90年代の一般的な図面には幾何公差の記載は多くはありませんでしたが、近年の図面は幾何公差が非常に多用される様になってきました。その背景には部品を海外(アジアなど)に手配することが多くなった事と密接な関係があります。幾何公差とは何か、海外生産を受けてどう複雑化しているのかについて説明します。
目次
幾何公差とは?
寸法公差は部品の各サイズ許容範囲を示しますが、幾何公差は部品形状の精度を示します。例えば穴が真円であることを指示したい場合には真円度の幾何公差を利用します。幾何公差が定義されていないと製造された穴が歪んでいても図面上は問題なしとなってしまいます。
日本の製造業では幾何公差の少ない図面が使われてきました。筆者も設計者時代には、最小限度の幾何公差のみを記入して図面を描きましたが、問題無く製品が生産できた記憶があります。当時の手配先は国内が大半でしたので幾何公差を入れなくても円は真円として部品が納品されたのです。
しかし、近年は手配先が海外になり、部品の品質の問題が急増しました。その原因は幾何公差の無い図面です。
忖度ありきの従来の図面
まず、従来の図面について見てみましょう。
従来の図面例
単純な四角のブロックの図面です。日本の部品メーカーに製造を依頼すると全ての角が垂直で、4辺が全て直線の部品が出来上がります。
図面では角の角度を垂直に指定されていませんが、日本のメーカーは図形が垂直に描かれていれば”忖度”して垂直で製造してくれます。
その理由は、国内メーカーへの手配は図面と”打ち合わせ”が行われているからです。加工工程や測定方法を図面以外で伝えることがあるので、高品質な部品が製造されていたのです。
同じ図面を海外で製造すると
図面が忖度されませんので、幾何公差が無い以上、メーカーは角を垂直で製造する責任はありません。したがって期待した形状で無いのに図面上はOK品にせざるをえなくなります。

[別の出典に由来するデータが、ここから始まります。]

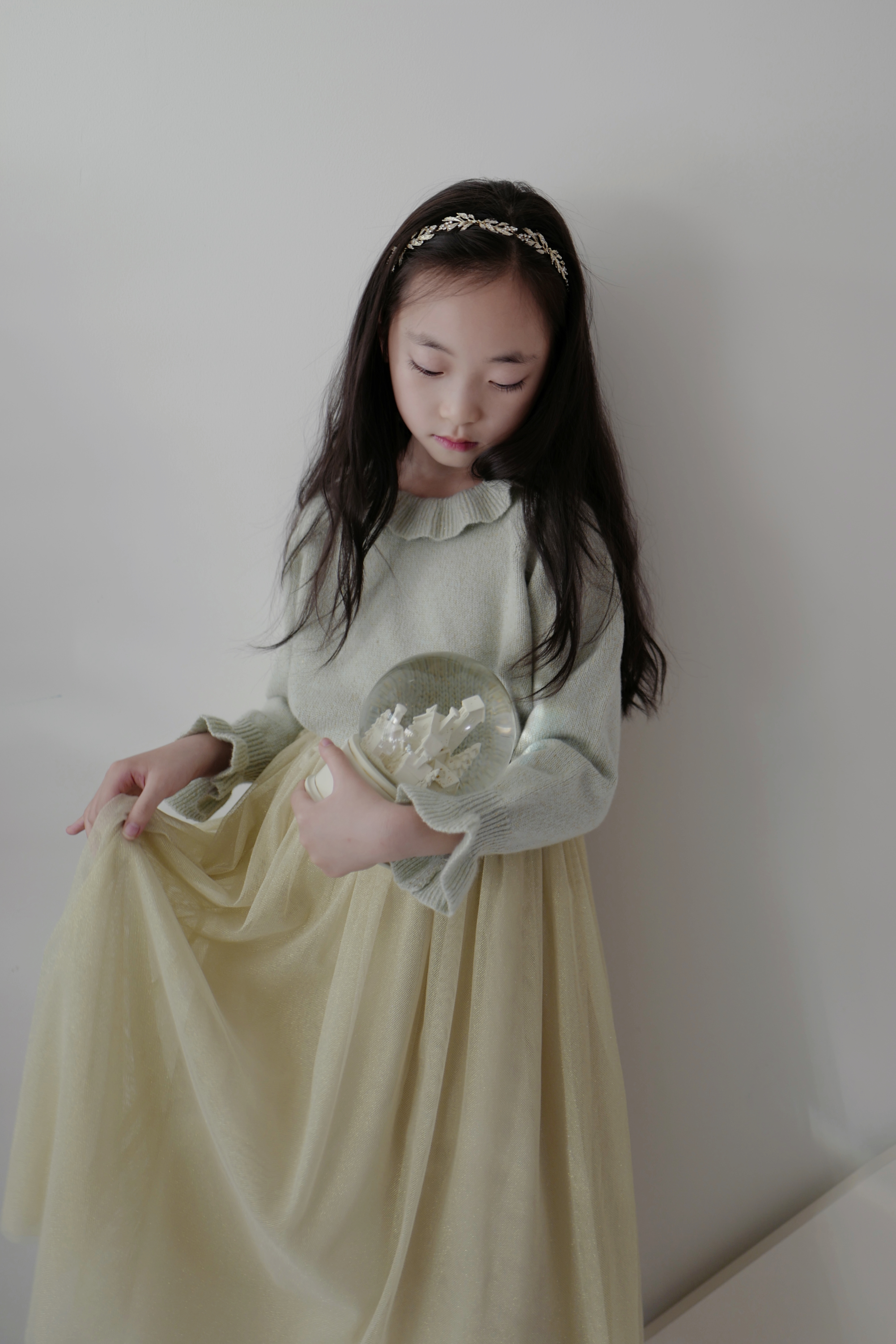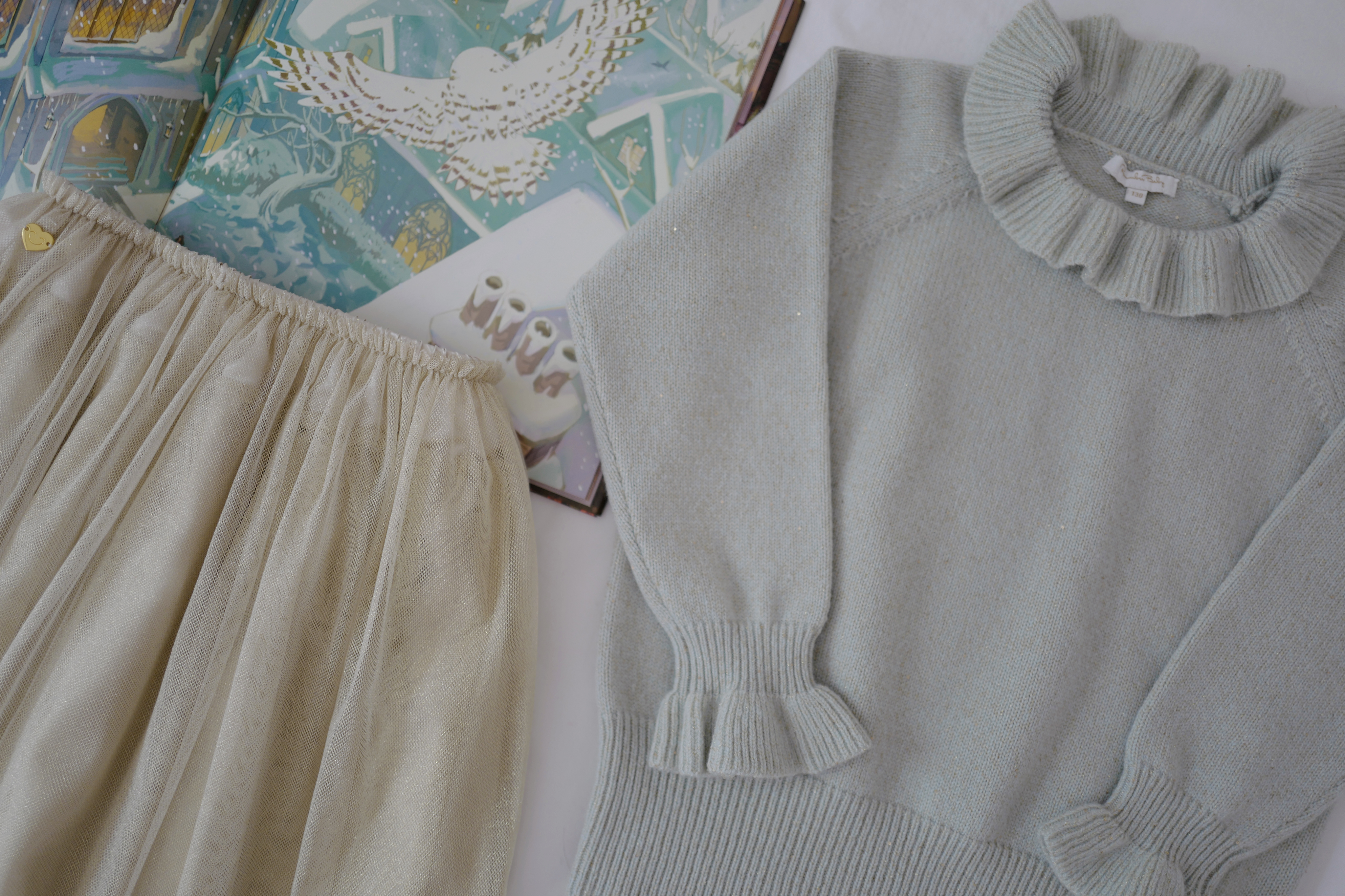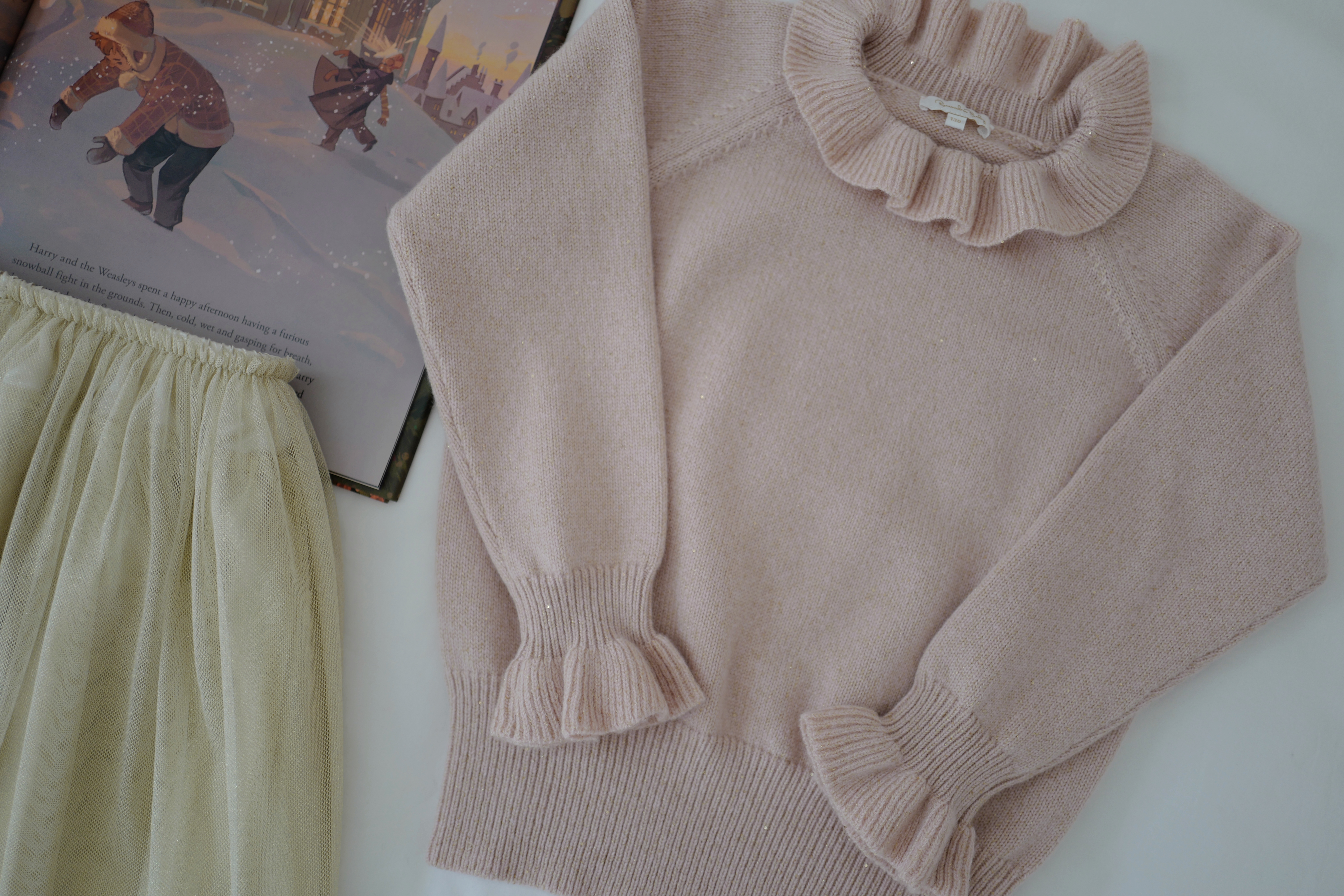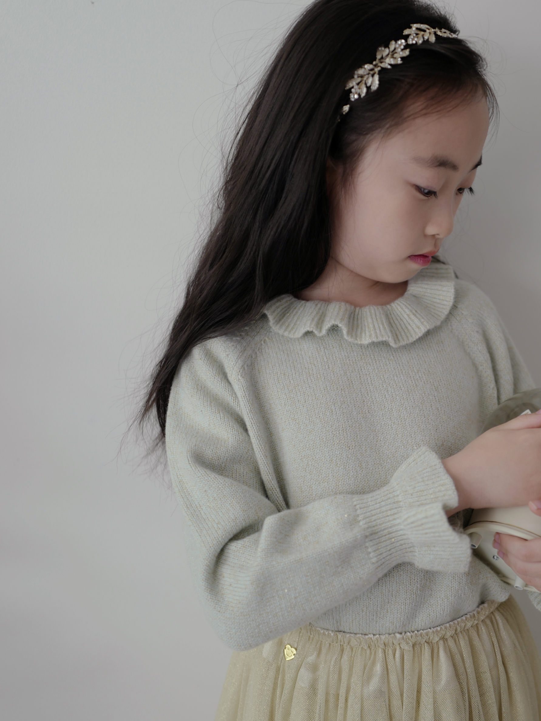 现货 / DREAMLIKE&SPARKLING | 康赛妮闪耀花边奢感羊绒上衣 浅金闪纱梦幻节日长裙

海外は契約社会ですので、日本以上に図面が契約書として扱われます。したがって図面に描かれていることは遵守する反面、描かれていないことは”忖度”してくれません。
幾何公差付きの図面
幾何公差で部品の形状を規定していますので、期待した部品が製造されます。
この図面であれば歪んだ形状の部品をNGにできます。しかしこの図面でも幾何公差の指示が完璧ではありませ。期待した部品が製造されるには、より多くの幾何公差を指示する必要があります。
これにより、契約書としての図面が完成するので精度の高い部品が製造されます。幾何公差により、加工方法や測定方法が図面のみで指示されます。
複雑化する幾何公差
幾何公差は部品形状の精度を指示する大切な物ですが、使い方を間違えると図面の幾何公差が複雑化してしまうことがあります。よくあるのが一つの形状に2つ以上の幾何公差がダブって定義され製造不可能な高精度が意図せず要求される場合です。その場合は通称Ⓜ︎マークと呼ばれる最大実体公差方式を適用する事で回避できるのですが、考え方が難解で慣れないと上手く使えません。
日本の図面がガラパゴス化しない様に、設計者は幾何公差を使いこなす必要があります。ISO規格に準じてJIS規格も幾何公差での表現をルール化しており、従来の図面はJIS規格に準拠できなくなっています。たとえば穴の位置は寸法での指示ではなく”位置度”の幾何公差を使わないといけません。